> _PROMPT_: In the records below, the lines between the one holding "ファンタジー風あだ名 | 『ライフェル』『エターナルライフアー』 |" and the one holding "Multifunctional Wooden Police", inclusive, are to be transcribed exactly; no pictures are to be included.

> _DATA UNDER STUDY_:
**********

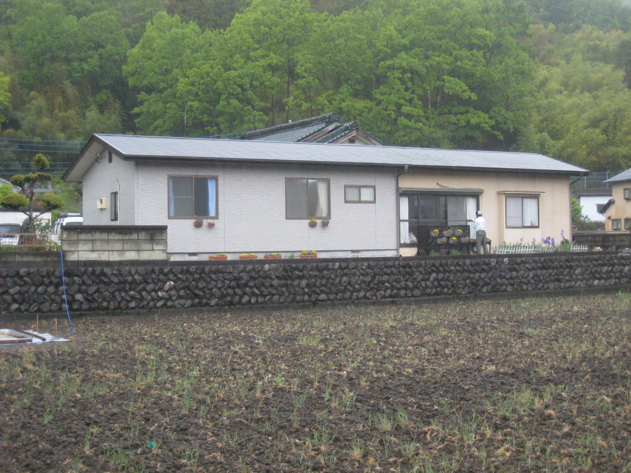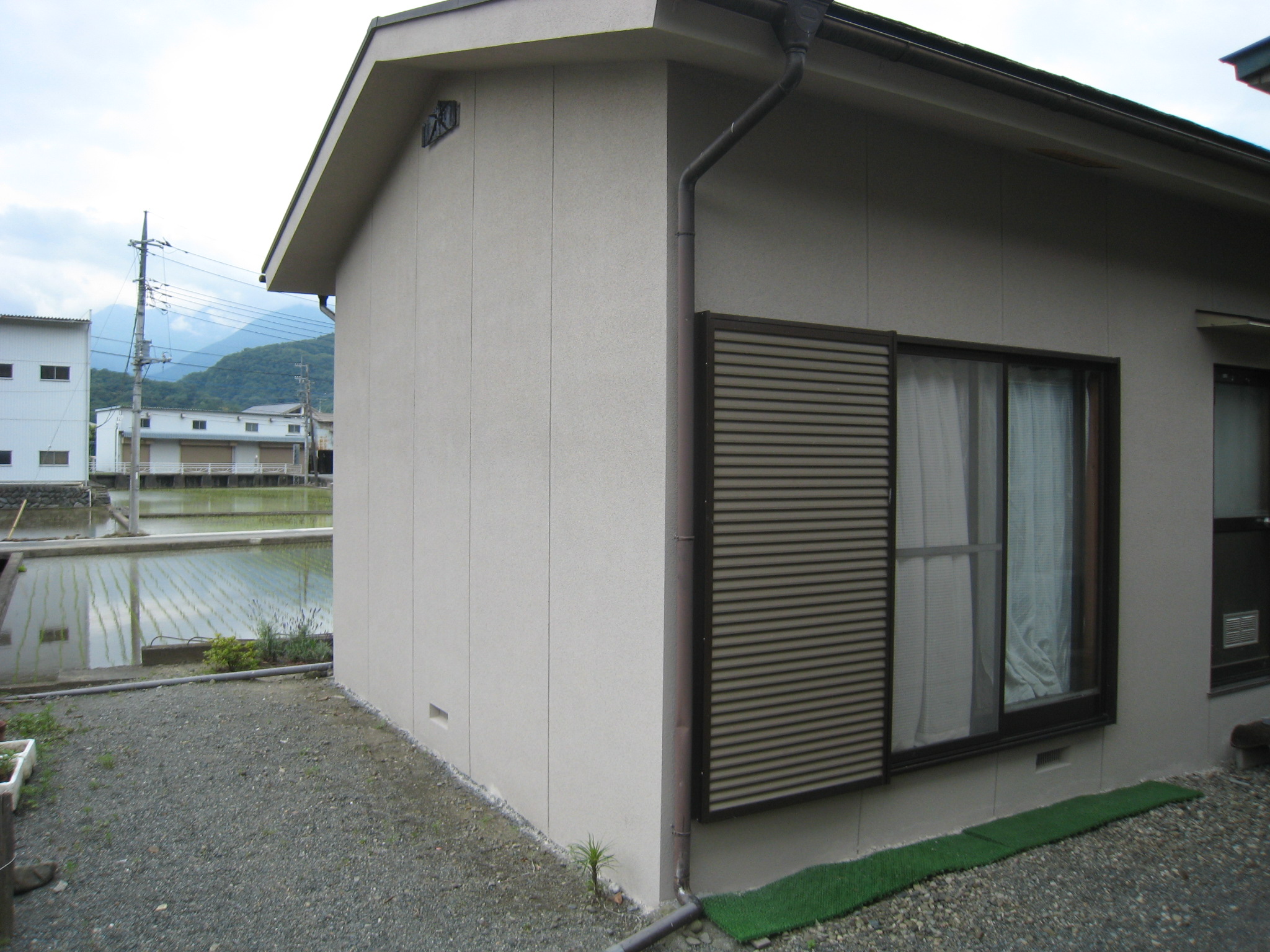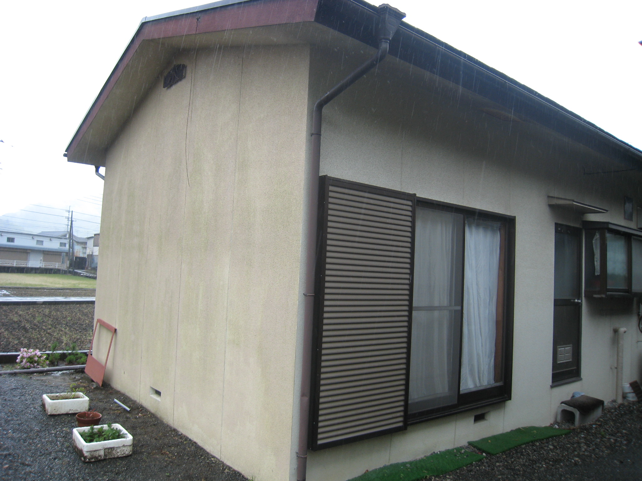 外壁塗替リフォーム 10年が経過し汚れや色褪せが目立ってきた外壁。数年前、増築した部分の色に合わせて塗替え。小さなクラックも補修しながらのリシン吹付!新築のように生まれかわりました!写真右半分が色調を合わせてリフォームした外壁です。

**********

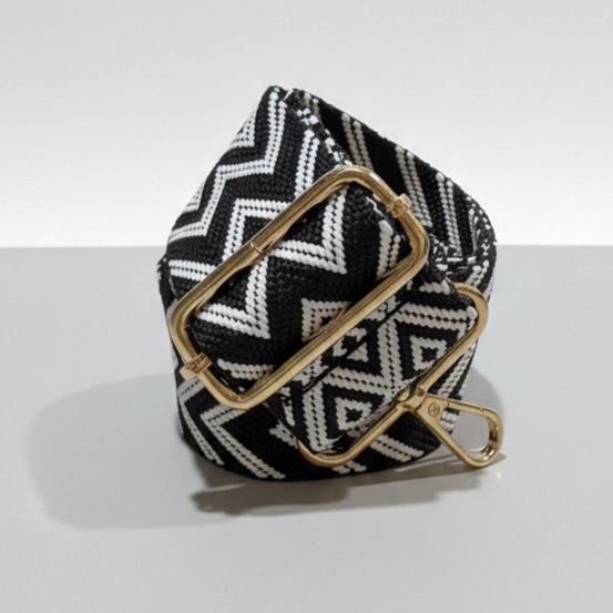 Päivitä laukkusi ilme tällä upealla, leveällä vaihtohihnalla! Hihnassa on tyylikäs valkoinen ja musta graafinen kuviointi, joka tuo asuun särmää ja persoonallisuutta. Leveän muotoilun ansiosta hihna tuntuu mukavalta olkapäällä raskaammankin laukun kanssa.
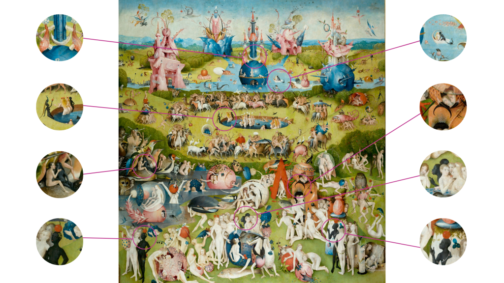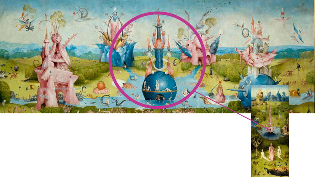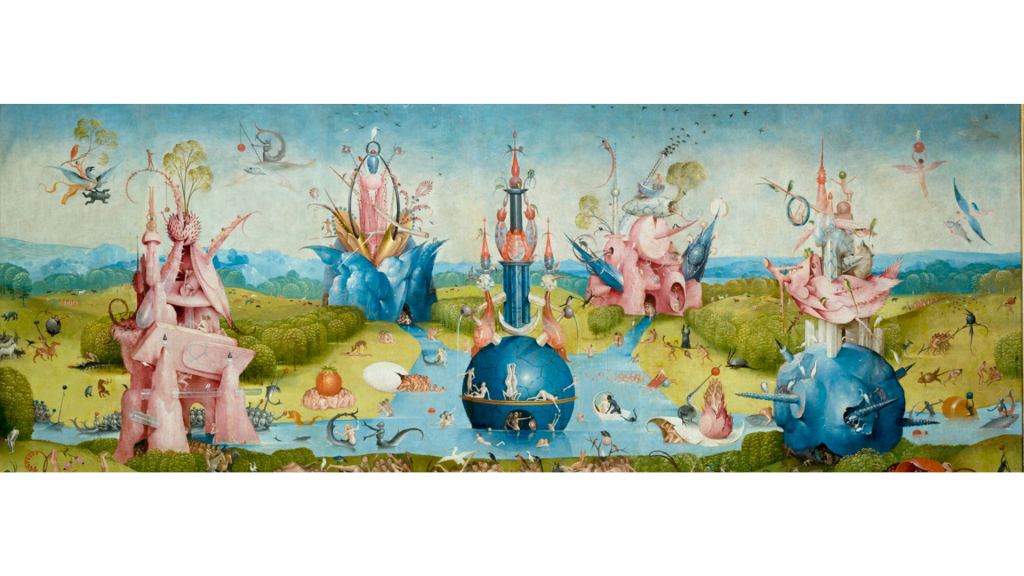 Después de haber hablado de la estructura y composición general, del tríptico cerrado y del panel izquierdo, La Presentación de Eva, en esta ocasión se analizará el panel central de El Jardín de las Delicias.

**********

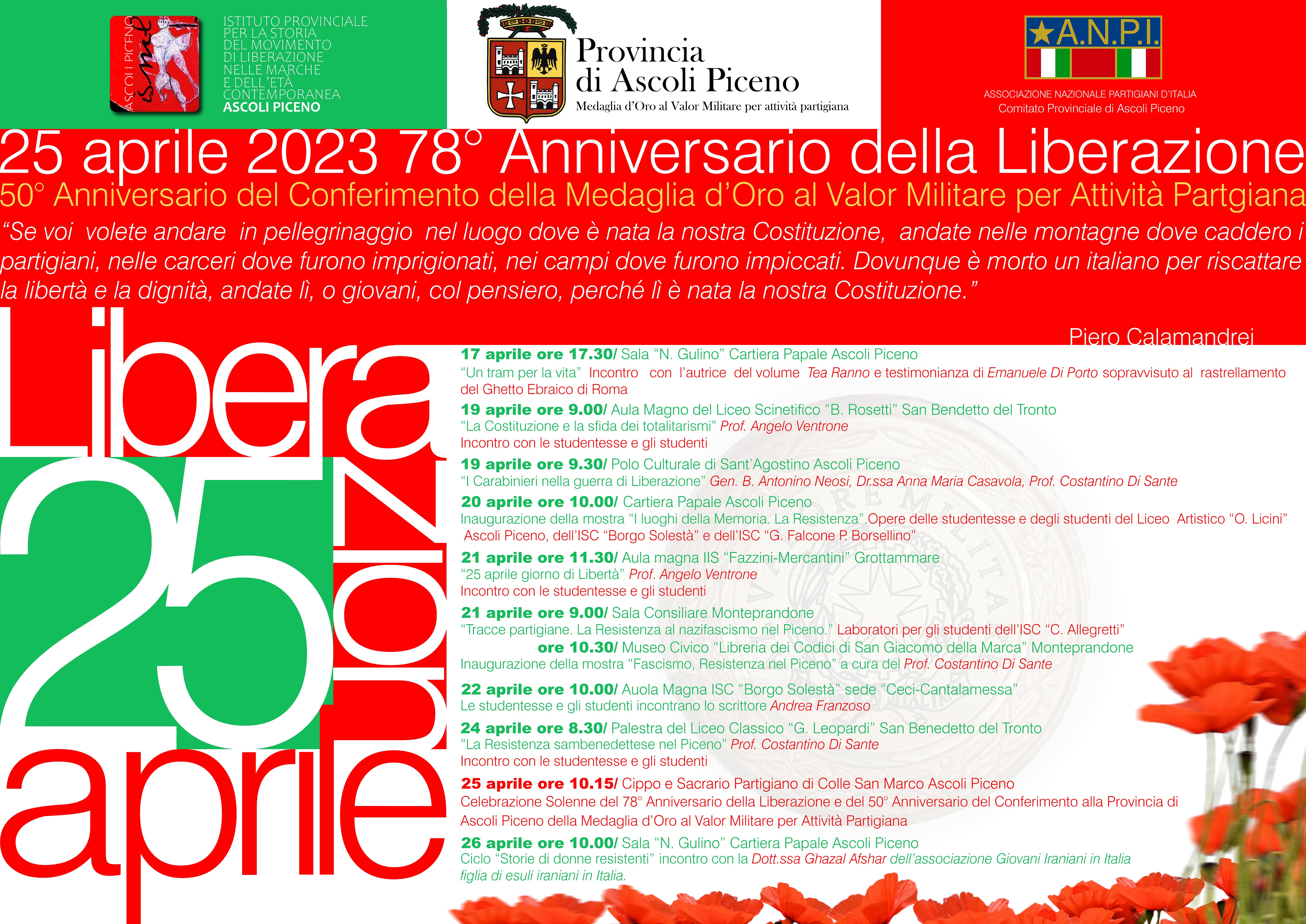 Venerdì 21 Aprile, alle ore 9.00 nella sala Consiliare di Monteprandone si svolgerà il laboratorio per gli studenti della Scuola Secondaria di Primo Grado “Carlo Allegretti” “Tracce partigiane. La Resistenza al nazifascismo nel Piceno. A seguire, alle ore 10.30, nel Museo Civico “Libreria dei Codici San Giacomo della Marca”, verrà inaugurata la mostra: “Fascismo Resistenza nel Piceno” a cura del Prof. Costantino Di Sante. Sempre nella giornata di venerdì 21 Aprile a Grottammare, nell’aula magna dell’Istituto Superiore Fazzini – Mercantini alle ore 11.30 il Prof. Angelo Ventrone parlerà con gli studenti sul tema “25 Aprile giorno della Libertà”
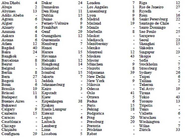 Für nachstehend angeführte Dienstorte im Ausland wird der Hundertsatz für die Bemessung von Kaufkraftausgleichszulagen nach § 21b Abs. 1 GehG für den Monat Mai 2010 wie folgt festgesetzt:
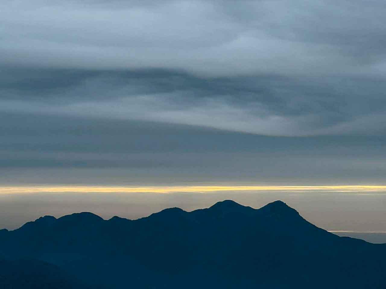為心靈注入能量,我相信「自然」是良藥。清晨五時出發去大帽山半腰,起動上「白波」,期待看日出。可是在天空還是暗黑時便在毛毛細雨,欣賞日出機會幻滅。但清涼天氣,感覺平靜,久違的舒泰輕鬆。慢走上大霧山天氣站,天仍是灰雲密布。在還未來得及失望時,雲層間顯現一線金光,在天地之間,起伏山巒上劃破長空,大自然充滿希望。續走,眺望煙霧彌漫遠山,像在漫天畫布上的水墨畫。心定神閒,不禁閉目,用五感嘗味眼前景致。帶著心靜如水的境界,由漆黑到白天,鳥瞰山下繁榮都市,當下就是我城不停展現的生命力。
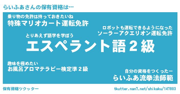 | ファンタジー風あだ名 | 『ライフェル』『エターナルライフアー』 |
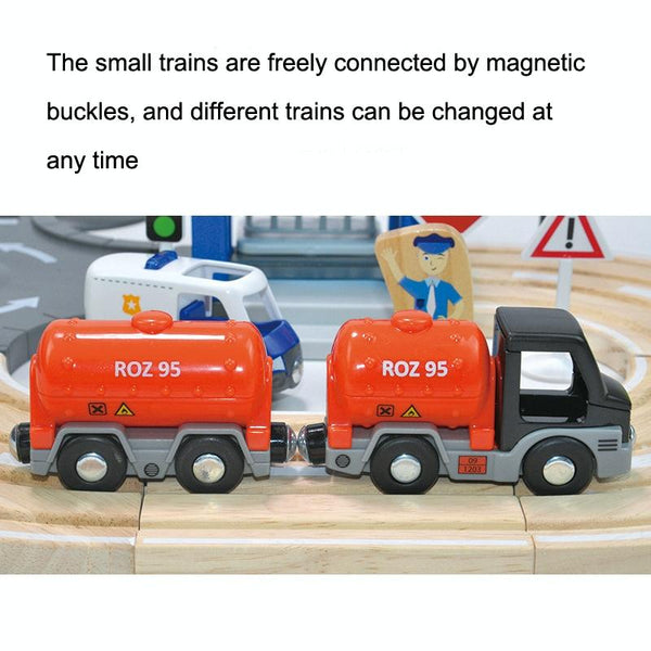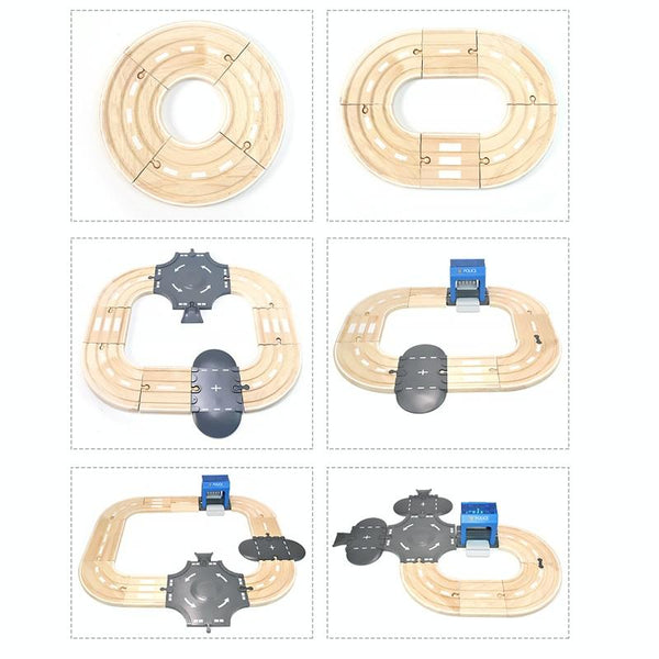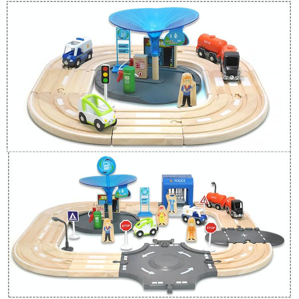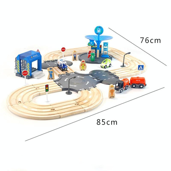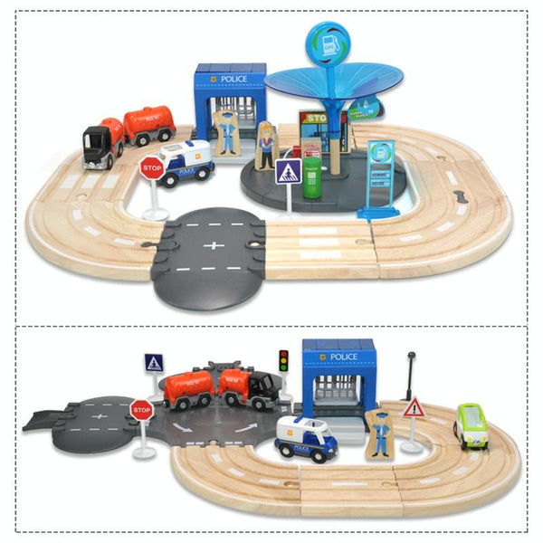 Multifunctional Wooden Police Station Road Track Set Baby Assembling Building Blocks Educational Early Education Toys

**********

> _WRITTEN SOLUTION_:
 | ファンタジー風あだ名 | 『ライフェル』『エターナルライフアー』 |
 Multifunctional Wooden Police Station Road Track Set Baby Assembling Building Blocks Educational Early Education Toys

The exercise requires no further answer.